There's plenty of post-bop revivalism in jazz—reinterpretations of the music of the 1960s—but it's rarely as interesting, original, and fresh as what we hear from David Weiss on Snuck In. My review on PopMatters is up today.
On the most superficial level, Weiss's band, Point of Departure (for the classic Andrew Hill album of the mid-60s) uses guitar rather than piano for the chording instrument—a simple innovation that gives this band a more contemporary sound. The guitarist is Nir Felder, a young Berklee cat whose sounds is fresh enough to give this band a tasty ZING.

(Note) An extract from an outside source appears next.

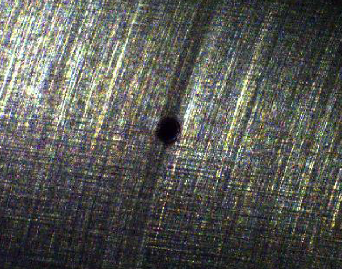 Kết quả ảnh chụp với độ rõ nét khi vật thể di chuyển ở tốc độ cao. Thực nghiệm khoan một lỗ tròn lên vật thể có kích thước φ50µm. Vật thể đang ở trạng thái di chuyển thì thấy rằng hình ảnh được ghi lại một cách rõ ràng dễ quan sát nhận biết đánh giá. |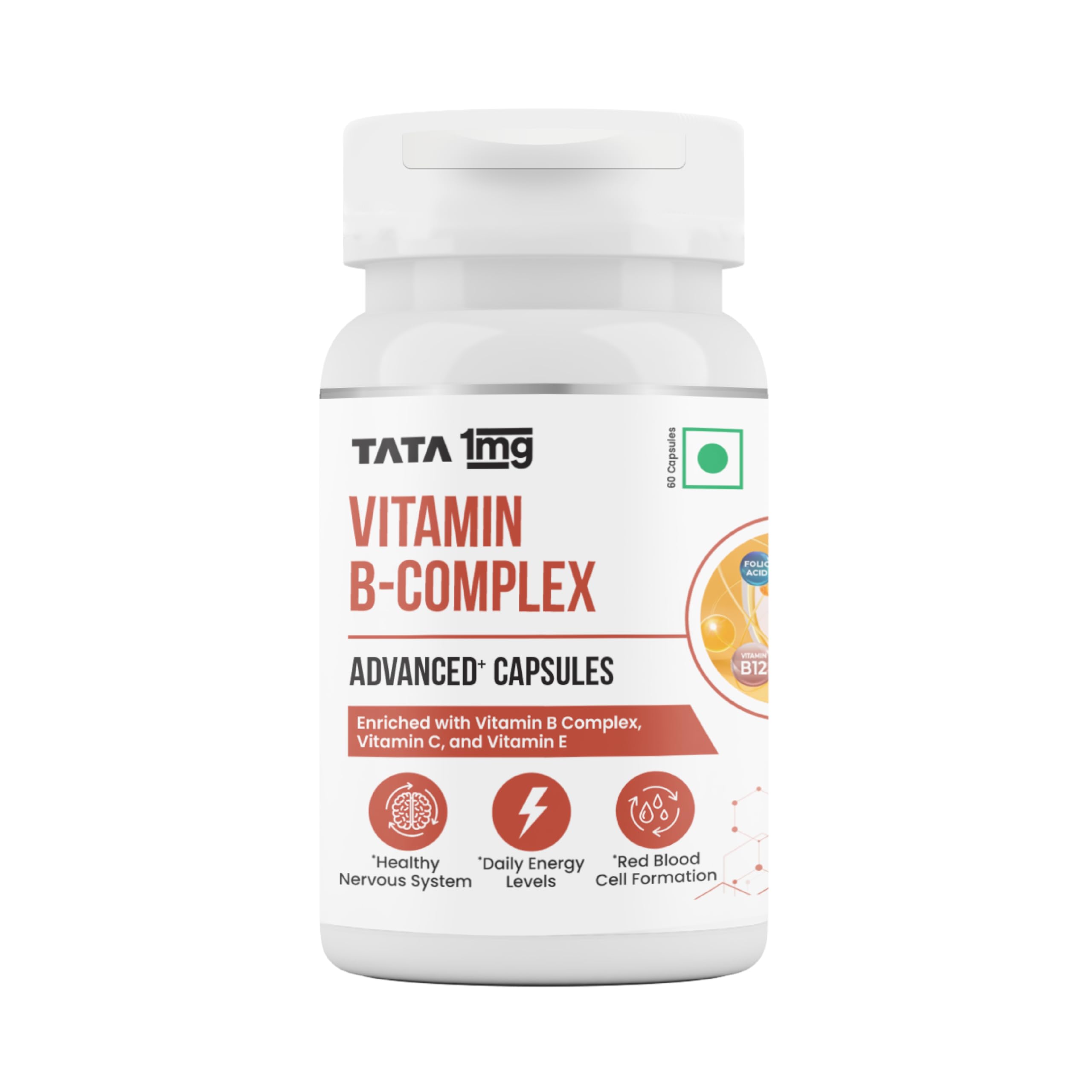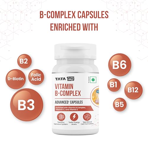 Tata 1mg Vitamin B Complex Capsules with B1B2B3B5B6BiotinHelps Maintain Energy Immunity For Women& Men Pack of 60 Capsules

Second, Weiss (known mainly as the arranger for the New Jazz Composers Octet, which has recently played with/for/behind the late Freddie Hubbard) has chosen tunes that we don't usually hear covered—tunes by Tony Williams, Herbie Hancock, Andrew Hill, and (!) Charles Moore that are not the standard Real Book fare.
The playing is loose and joyous. JD Allen on tenor never plays cliches. And Jamire Williams (from Robert Glasper's great piano trio) plus Matt Clohesy make for a driving rhythm section. Weiss himself borrows from Hubbard and Lee Morgan, but he adds his own tart tone and ragged flash of imagination.
For jazz fans who never got enough of those old Blue Notes that teetered on the edge of freedom but never quite went "out," Snuck In is a much-recommended blast from the past.